Chong V F
Department of Diagnostic Radiology, Singapore General Hospital, Singapore.
Singapore Med J. 1996 Apr;37(2):175-80.
Venography is often requested to confirm the clinical suspicion of deep vein thrombosis (DVT) in patients with calf pain or swelling. Often, no clots could be demonstrated and the patients are discharged without a confirmed diagnosis. It is now being increasingly recognised that a Baker's (popliteal) cyst, ruptured or otherwise, may simulate deep vein thrombosis. Seven patients with a clinical suspicion of DVT were referred for venography but were found to have no thrombi within the deep veins of the calf.
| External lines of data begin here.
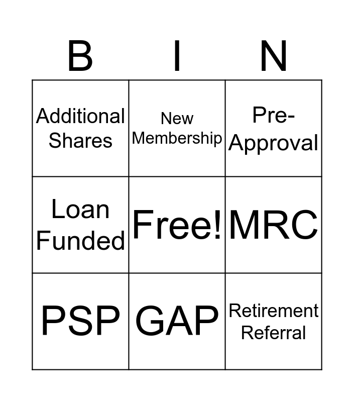 This bingo card has a free space and 8 words: MRC, Pre-Approval, New Membership, PSP, Additional Shares, Retirement Referral, Loan Funded and GAP.
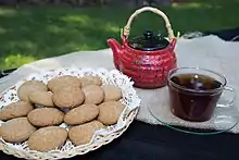 Ingefærnøtter, or ginger nuts, are a Norwegian cookie known for their spiced taste, utilizing ginger, cinnamon, nutmeg, cardamom, and black pepper in their recipes.[1] They are frequently baked during Christmastime in regions throughout Norway as one of the syv slag, or "seven kinds (of christmas cookies)", served.[2]
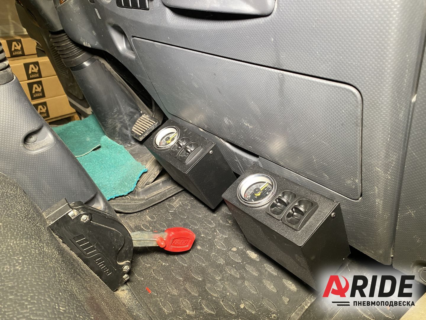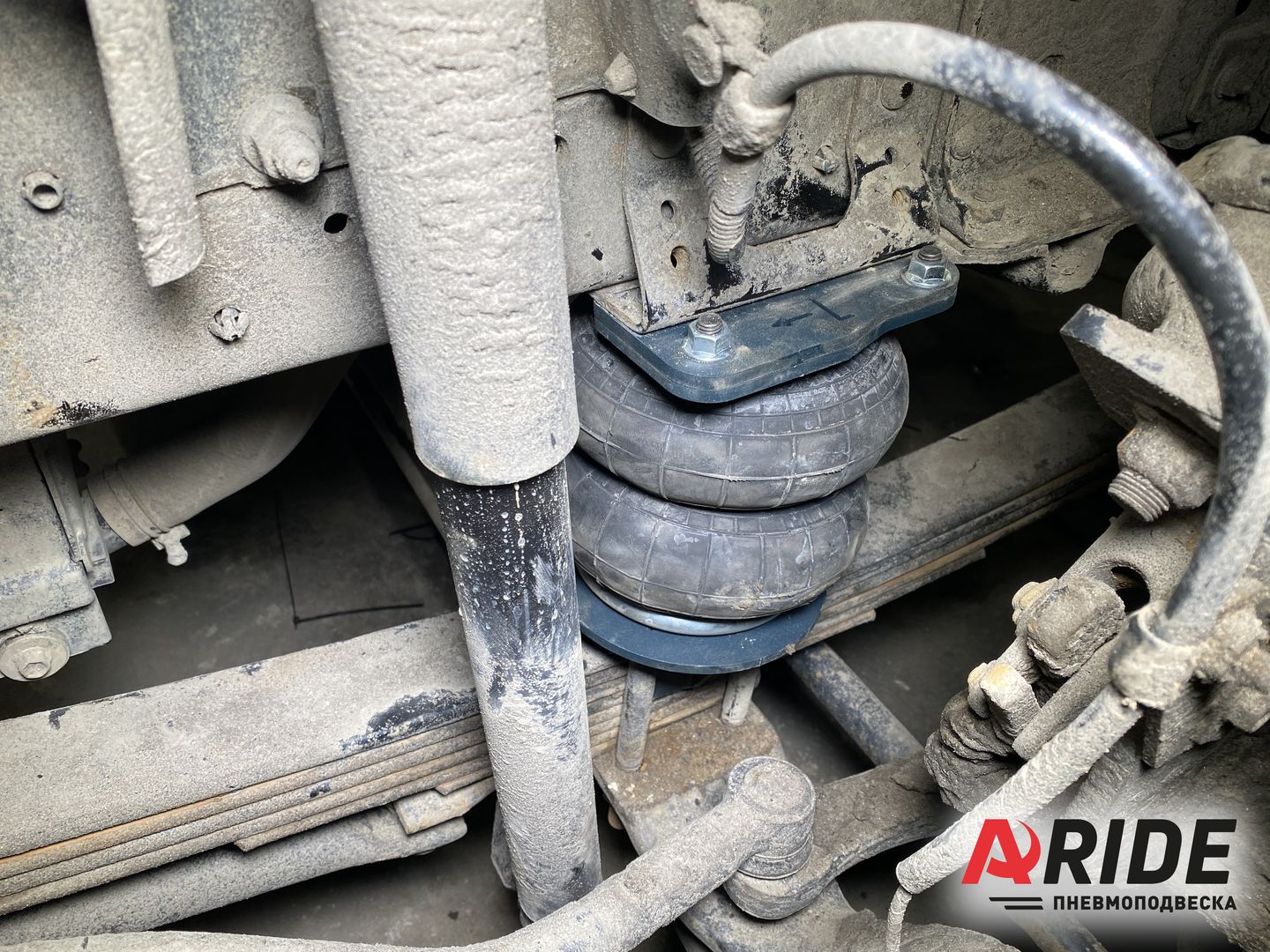 На данный автомобиль был установлен комплект на переднюю ось и на заднюю ось, а так же две двухконтурные системы управления для регулировки давления. Ключевым фактором для установки подушек стало то, что рессоры не справляются с нагрузкой. Автомобиль перевозит грузы, вес которых зачастую близок к 5 тоннам. А так же машина оборудована гидравлической установкой, вес которой равен 1500 килограмм. В силу этих обстоятельств вес приходится не только на задний пакет рессор, а так же и на передний.

These patients were noted to have knee joint abnormalities. Baker's cysts were confirmed on subsequent knee arthrograms, ultrasonography or magnetic resonance imaging (MRI). It is emphasised here that a failure to demonstrate DVT in a patient with signs and symptoms, of DVT should prompt a search for Baker's cyst. The pathological anatomy of Baker's cyst is briefly reviewed with the aid of magnetic resonance images.
对于有小腿疼痛或肿胀的患者,常要求进行静脉造影以证实临床对深静脉血栓形成(DVT)的怀疑。通常,无法显示血栓,患者在未确诊的情况下出院。现在越来越认识到,破裂或未破裂的贝克(腘窝)囊肿可能模拟深静脉血栓形成。7例临床怀疑为DVT的患者被转诊进行静脉造影,但发现小腿深静脉内无血栓。这些患者被发现有膝关节异常。随后通过膝关节造影、超声检查或磁共振成像(MRI)证实为贝克囊肿。在此强调,对于有DVT体征和症状的患者,未能显示DVT应促使寻找贝克囊肿。借助磁共振图像简要回顾了贝克囊肿的病理解剖。